Fear can be a great motivational factor.  Myself and my chums learnt that back in private school when the vicar, Big Knob Tony, would come and pay us a little ecclesiastical visit after lights out.  That motivated everyone to wear concrete underpants.  But the main point is we learnt from our fear.  We used our fear as a way of motivating how we perceived the world and it empowered us to try as hard as possible to make something better of ourselves after obtaining a big hefty wedge of used fifties from Daddy.  I believe this is the sort of motivational stark terror Letwin was trying to get across in his ground-breaking fear broadcast.  The public sector SHOULD be afraid, as it will make them try harder.

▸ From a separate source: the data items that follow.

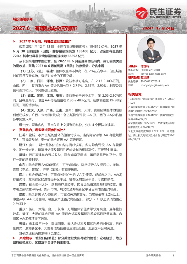 【民生证券】【20241224】城投随笔系列:2027.6,有哪些城投债到期?-14页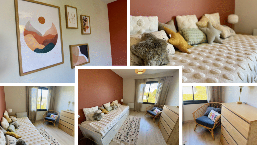 Les couleurs ont été choisies avec soin pour créer une atmosphère chaleureuse et lumineuse. Le terracotta, utilisé pour les nouveaux rangements, s’harmonise parfaitement avec les teintes neutres du beige et du bois clair existants. Cette combinaison de couleurs naturelles apporte à la fois de la chaleur et de la légèreté à l’espace, tout en créant un environnement apaisant et moderne. Le terracotta vient subtilement dynamiser l’ensemble sans perturber l’harmonie du design. Découvrez une sélection de teintes ici.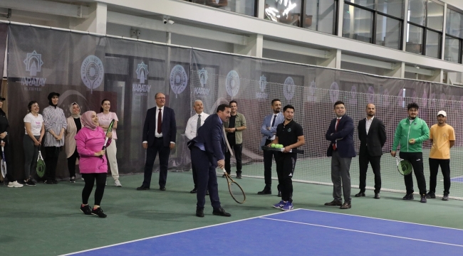 Ziyaret kapsamında korta çıkan Vali İbrahim Akın, Kaymakam Cengiz Ayhan ve Başkan Hasan Kılca, kısa süreli bir tenis maçı da yaptı.

Mrs Splash, who, unfortunately, is one of those Northern lefty types who remains staunchly pro-social welfare – no matter how many electric shock treatments she goes through – hypothethised the idea that Letwin was talking out of his stinky ring.  “But surely this will increase stress in the job and make more people ill,” she blustered one day to me as I was reading the illustrated copy of Mein Bumfluff (Hitler’s less successful follow up to Mein Kampf which mainly involved ruminations on his Gentleman’s Butler’s entrance.)  “Surely people should be encouraged in their jobs and not be terrified whilst within them.  If you make everyone scared productivity may increase in the short term but staff turnover is more likely due to stress related injury, therefore in the long term productivity goes down as through-job skills suffers.  And not only that, Oliver Letwin is a total and utter arsehole spewing out witless drivel-related toss from a privileged position of authority nobody really elected him into in the first place anyway.  The tosser.”

I think what she was trying to say was she didn’t agree with his statement, and was even more concerned that his statement may become official Conservative policy.  I pointed out to her that it already was the unofficial policy of this ruling monocracy, and that our glorious leader has already started to kick away the crutches of the welfare state that inhibit private business so much.  After all, a greater, more Englandy England can rise from the ashes of what was once a place where northern types could exist in the hallowed halls of Parliament when they should have been up the chimneys or being used as footstools.  Let’s face it, under this Conservative Reich we’re already diminishing the effects of the so called ‘national’ health service, demonising the public sector as the work shy layabouts we always suspected they were, destroying the very foundation of the educational system which was teaching far too many people from the more impecuinious backgrounds that they deserved access to knowledge, cutting back on probation and police so more ruffians can stalk the street nicking old ladies’ underpants and selling disco biscuits to single mothers on crack, and generally laying the foundation for enough discourse and strife in everyday life that the general pleb on the toilet will buckle under our Teutonic will and call for the institution of a totalitarian state, and then finally, FINALLY, we can legalise fox hunting again and then maybe I’ll get a chance to put a load of buckshot up Johnny Fox’s bumhole!

But life isn’t all about laughs.  Quite frankly I see nothing wrong with the promotion of big business over anything else ever in the whole wide world whilst destroying the public sector through fear and misery.  They’ve had it their own way for far too long anyway, what with all this ‘helping people’ malarkey.  The only people they’re helping are those who can’t afford to buy my chemical weapons, and quite frankly that’s not on.  And if Mrs Splash disagrees then we can go and indulge in some perfectly natural conjugal rights which don’t involve dressing me up as a gibbon and then nailing my testicles to the wall.

Editor’s Note:  Brigadier Richard Splash is clinically insane.